I don’t want to say that that’s what’s happened, but over the course of the last probably five and a half or six months now, we’ve been in a major correction. We’re now in bear market territory, again, and so you know, there’s increasing degrees of concern and fear from investors when it comes to their investments, their savings, the economy, and a lot of things, these things are beyond our control. And so, the message that we have in our one-on-one coaching sessions, or when we’re talking to retirement committees is really centering around the aspects of investing or saving or the overall financial life that we can truly control, centering around the strategic initiatives or the long-term goals that we have. And so similar theme to some Money Hacks we did back in the first quarter because we’ve continued this tumultuous period that without question has been painful to watch, be painful to experience when you look at your investments or your 401k. And I know sometimes the headlines or, or even economists or experts that you may hear on certain outlets like CNBC or Bloomberg, or others may seem to revel in, in the markets going down. But trust me at our office, it’s a painful feeling too. Like you, we share, with you know the concerns of a market downturn, but we also know that these types of environments are normal.

They happen and it’s impossible to really time or predicts when they’re going to happen or how deep they’re going to be, and so if you’re a long-term investor, the strategy, and the way to weather a correction or a bear market is really to make sure you’re investing in a way that aligns with your age, your time horizon, and risk profile.

So, if you’re 35, 40, or 50 years old, and you still have 10, 15, 20, or 25 years until you’re going to retire and use the money in your 401(k) or 403(b) you may not need to take any action. It’s really, maybe the best thing you can do is, is staying allocated to that mix that you have if it aligns with those criteria, age, time horizon, and risk profile.

Now for other types of assets that you have, that you might be using in the next one to three years or shorter period, we want to make sure that you’re not taking too much risk with that money, as well.
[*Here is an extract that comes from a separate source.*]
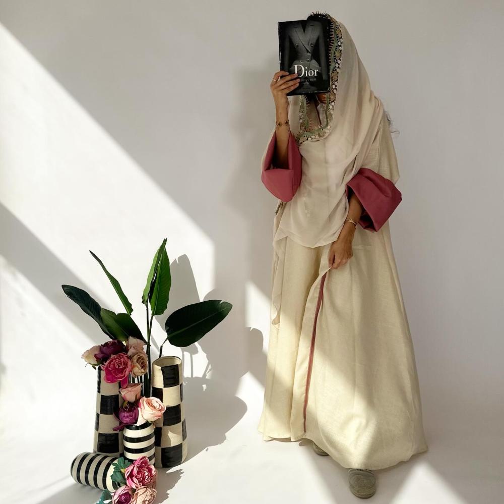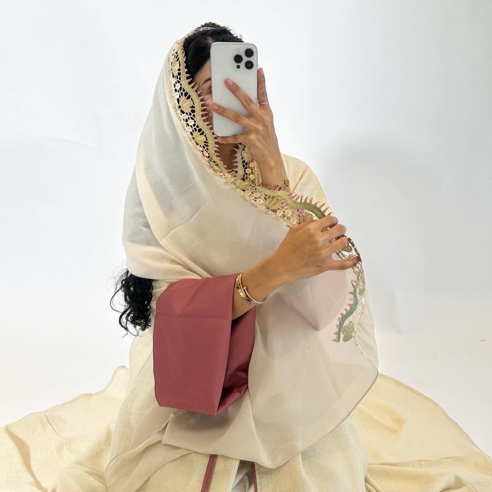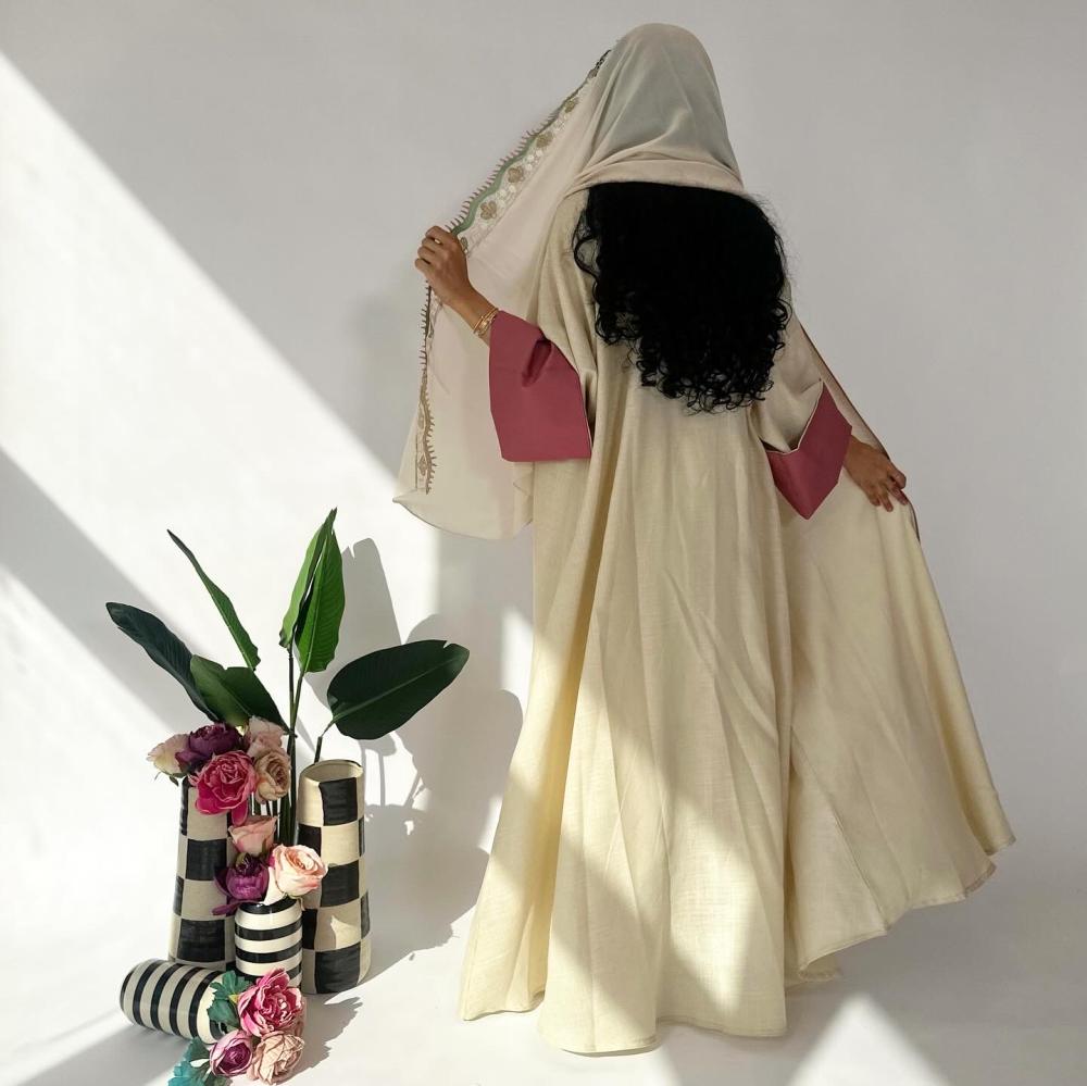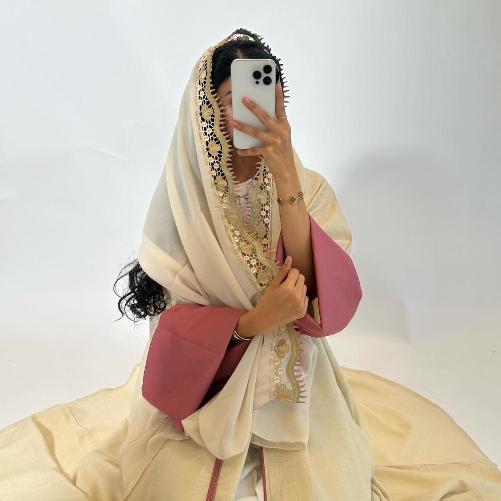 لينن بيج فاتح | الكم سفطه غير مثبته كتان | قيطان | الطرحه شيفون بطرف كلفه مشجره

And so, you know, the message of this Money Hacks is really staying focused on the long term, not getting too emotional, and making decisions about what’s happening on a day-to-day basis because on a day like today the stock market is down significantly. I’m sure that headline news will be talking about the plunge or the selloff we’re seeing in the markets. And I don’t want to sugarcoat it. It is a difficult period. It is painful. And there are a lot of economic factors that take a much longer video to talk through all of that.

We’re happy to do it if you have questions or if you want to reach out to us. But our message remains the same that we’re going to get through this period. We don’t know how long it’s going to take. We don’t know. How much lower the market can go. It can always go lower, but it will also recover.

So, for the longer-term investors keep that in mind, staying resilient, but also staying thoughtful around investing the right way. So anyway, hope this is helpful it kind of centers you back to your investment strategy. If you do have questions or concerns or if there’s anything we can do to help please reach out to our team, our financial coaches, or reach us on social. Thanks. We’ll see you next time!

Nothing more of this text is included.